Youyun intelligent operation and maintenance management platform can help all kinds of enterprise users gradually move to a higher level of “integration”, “automation” and “intelligent” operation and maintenance management.

1. Integration: Traditional operation and maintenance tools are scattered, and there is a lack of effective operation and maintenance data and scene integration among tools.
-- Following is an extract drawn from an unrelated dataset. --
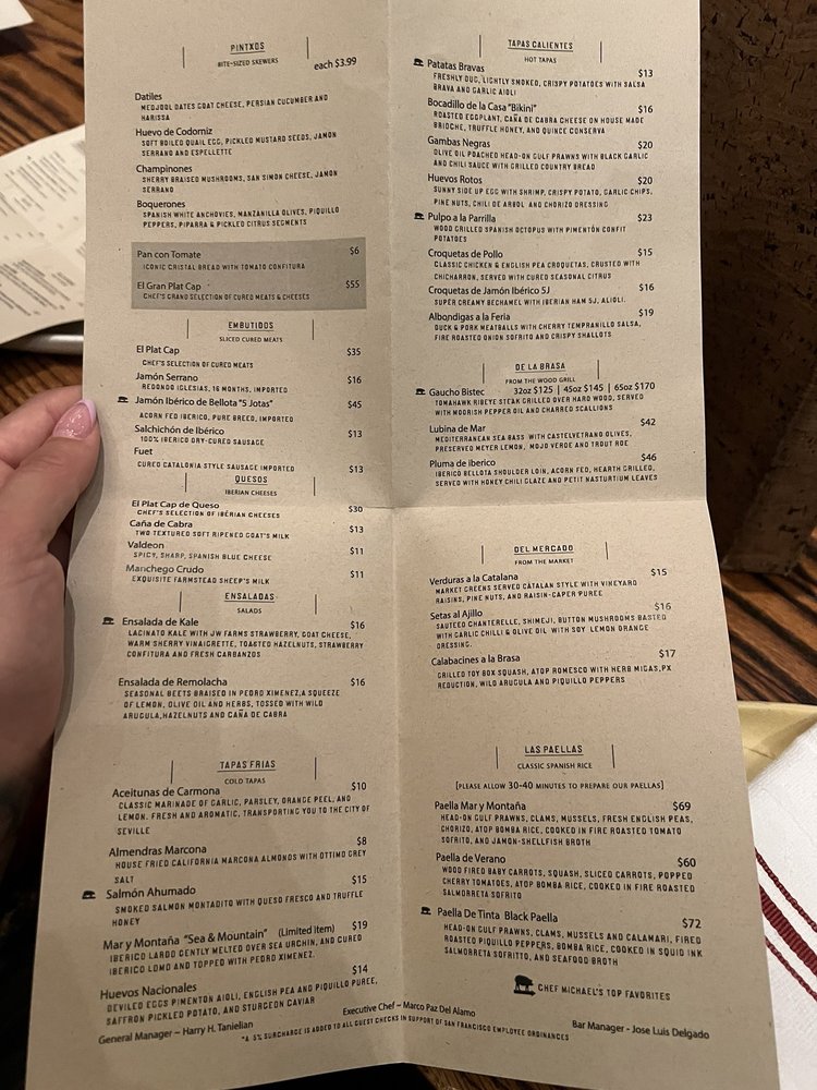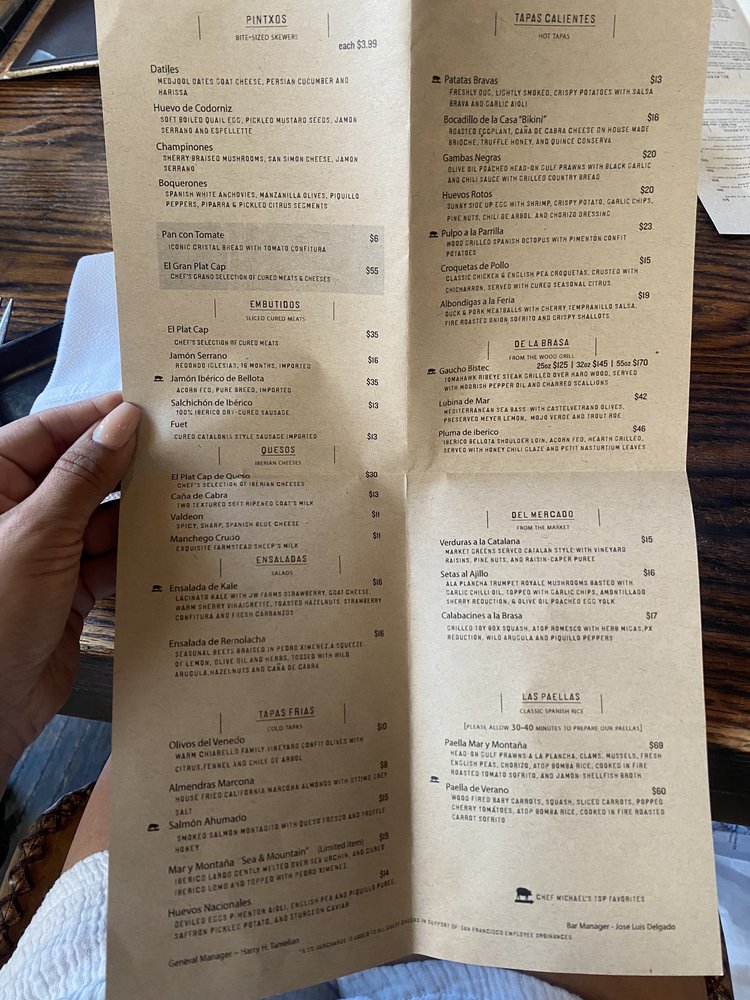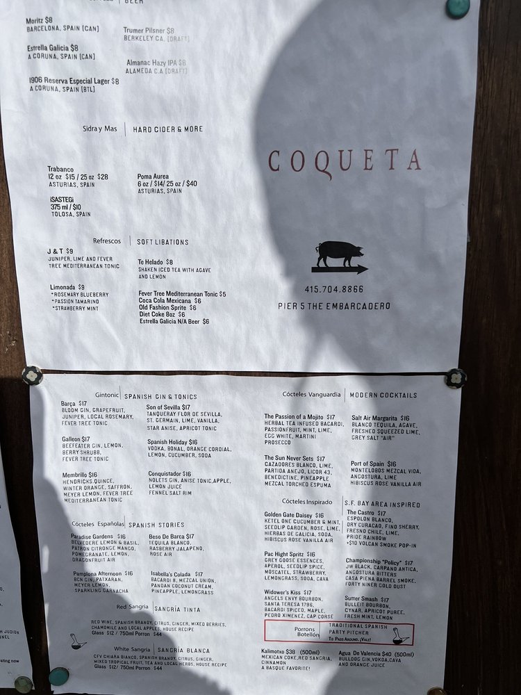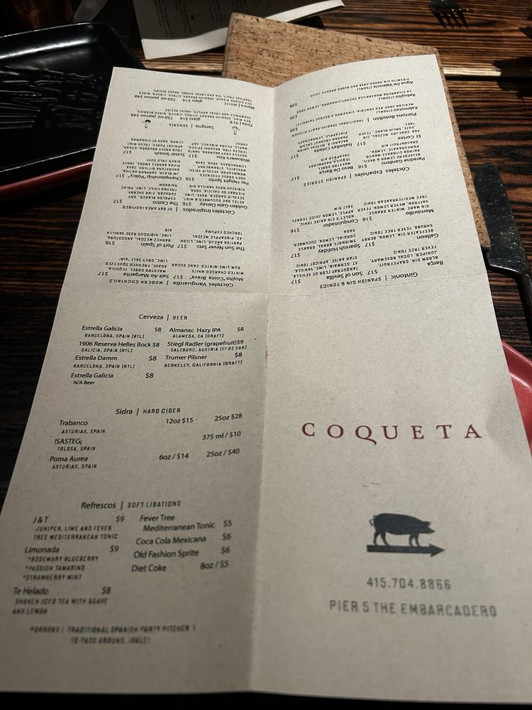 Coqueta, a Spanish tapas/ small plates restaurant located at The Embarcadero Pier 5 in San Francisco, offers a trendy dining experience with a variety of vegan and limited vegetarian options. The menu features dishes like Grilled little Gem Lettuce with Chicken essence and toasted Hazelnuts, Roasted Brussels sprouts with Romesco, and Sherry-infused watermelon with boquerones and feta. Customers praise the perfect 5-star service, cozy ambiance, and ocean views. Highlights include the salt and air margarita, crispy calamari PoBoy, black garlic prawns, and Manchego cheesecake lollipops. Despite small portions, the dishes are flavorful and well-executed. Coqueta's gender-neutral restrooms, heated outdoor seating, and reusable tableware add to its charm. Don't miss out on the delightful experience and exquisite flavors at Coqueta.

Therefore, OPERATION and maintenance PaaS platform based on new technology architecture becomes the mainstream choice.

2. Automation: Transfer the operation and maintenance of human workers to the automatic operation and maintenance of changes, gradually realize the automatic implementation of operation and maintenance scenes such as daily operation and maintenance operation and continuous application delivery, improve operation efficiency and process standardization, and reduce the risk of manual operation;

3, intelligent, through big data analysis, operation and maintenance intelligent robot technology to achieve intelligent operation and maintenance management, support fault self-healing, capacity expansion, emergency support, etc.



I hope youyun can help you transform from integrated operation and maintenance to automated operation and maintenance, and see the dawn of automation in the future. Thank you.

That’s all for today’s sharing, thank you!